The couple was arrested only after an unidentified woman bypassed the social workers who were in charge of the children's welfare and took her accusation directly to the police. Fortunately, the UK police don't try to follow the same rules of political correctness as the social services do.

A generalization is a common pattern discerned from a few examples. Liberal logic works in the opposite direction: it assumes that individual cases, such as Duke rape case and UK gay foster parents case, must obey their generalizations. Merely questioning the generalization opens one for accusations of racism or homophobia. There is a word for assuming that individual cases must obey the generalization and that word is prejudice: Political correctness is prejudice.

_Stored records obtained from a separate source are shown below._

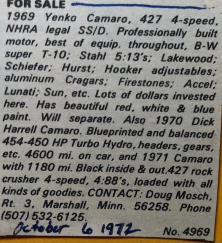 The car was originally sold in Iowa and raced from day one. It supposedly ended up with a small block and a 4 speed in the late 1970s, repainted solid orange, then disappeared. It's unknown if the Yenko badging stayed on it. The VIN isn't known but from the picture it's a Doug Mosch car.
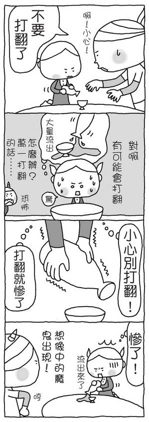 这些提醒其实形成了负面暗示。“可能会打翻”的联想,引导想像走向事实。我一再耳提面命的叮咛,完全徒劳无功。其他类似的状况如下:
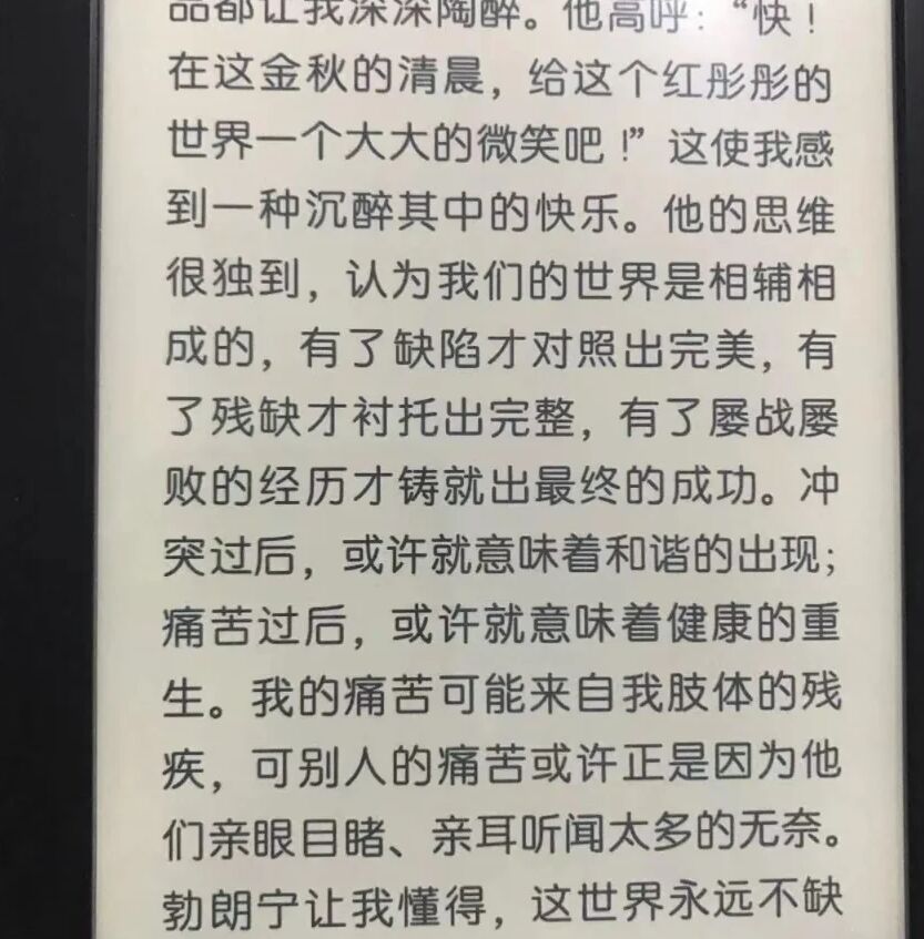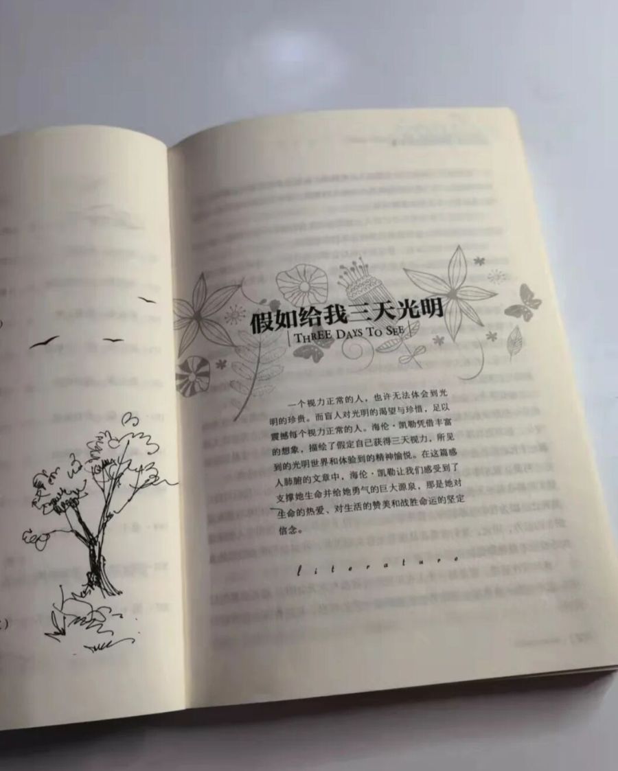 虽然学校里包括校长在内,能与她正常交流的老师也不过两人,且盲文书籍有限,学习的教材基本都无法阅读。但在莎莉文老师的陪伴和友人们的帮助下,通过不懈努力还是实现了自己的愿望考上哈佛大学,学会了英文、法文、德文、拉丁文等多种语言,彻底改变了自己的人生。书的后半部分是她的阅读经历和对生活的感知、看法,充满了阳光和蓬勃生机,读后会感觉胸怀变得宽广,备受启迪,心情舒畅。如她所说:

Who was it who does not want peace?

"Israel in fact does not want peace. It cannot survive without aggression, treachery and military messages," Syrian Information Minister Mohsen Bilal said Thursday, a day after IAF aircraft allegedly violated Syrian airspace in an overnight operation.
Psychological projection?

UPDATE: Israellycool catches Reuters' caption writers in a lie about this incident.

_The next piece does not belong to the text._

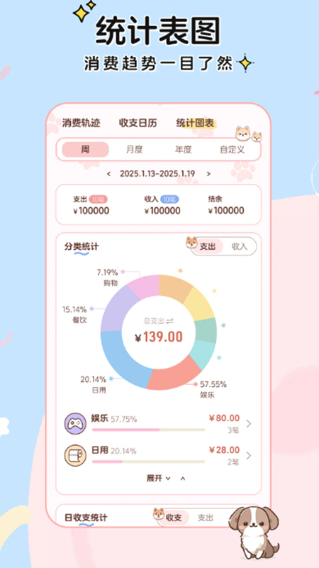 4、可视化数据深度分析:自动生成月度/年度收支统计图,以饼图、柱状图等形式展示消费占比。用户可直观看到餐饮占比35%、购物占比28%等数据,结合AI分析提供消费优化建议,帮助用户科学规划支出。

Kathleen Willey's house burglarized, manuscript is missing

Kathleen Willey was the Democratic campaign volunteer who went to the oval office to plead that she needed a job. Allegedly, Bill Clinton offered her something else. She says that her house was burglarized over the weekend. The burglars left behind all the jewelry and electronics but they took a copy, but not the final copy, of a manuscript for her upcoming book.

Tuesday, September 04, 2007

Those talking points need to be double-checked

Mark Bellis performed a study on life expectancy of rock stars which found that rock stars do tend to die young. From the Reuters story:

American stars Jerry Garcia of the Grateful Dead, Carl Wilson of the Beach Boys and Johnny Ramone of the Ramones all died in their 50s.

Bellis suggested that the high death rate among older American musicians could be related to the continent's greater appetite for reunion tours, exposing the artists for more years to an unhealthy "rock'n'roll" lifestyle.

It could also be due to the poor medical outlook for impoverished American ex-pop stars who have no health insurance, he said.

(emphasis added.)
The financial assets of most rock stars are private. However, for Jerry Garcia, we know more because his former wives fought publicly over his estate. Whatever the cause of Mr. Garcia's heart attack, it was not lack of money.

Who says government work is non-profit?

"[T]here is evidence of corruption running into the hundreds of millions of dollars" in the World Bank's projects in India.

Rice Derangement Syndrome

Glenn Kessler, a Newsweek "journalist," has written a book, The Confidante, attacking Secretary of State Rice. As reported by AFP:
"The invasion of Iraq, the missed opportunity with Iran, the breach in relations with Europe, the Arab anger at a perceived bias against the Palestinians -- all of these problems were the direct result of decisions she helped make in the White House," he writes.
"The breach in relations with Europe"? That might have existed four years ago but both France and Germany have now replaced their old anti-American governments with new pro-American ones. Whatever "breach" there was is no more. Further, it ended, for the US, the best possible way: Their governments moved toward our positions.

Mr. Kessler's claim that there ever was an "opportunity" with Iran seems fanciful. Mr. Kessler may not understand the "perceived bias against the Palestinians" but it might have to do with the fact that the evidence shows that their military intentionally targets schools and child care centers.

Monday, September 03, 2007

Fact checking at the New York Times

Over the years, the New York Times has published a lot of innuendo and false information about a lot of people. Now, some of those people would like the Times to correct the record. According to its public editor, the venerable Times does not want to be bothered with the fact-checking required to make its articles accurate.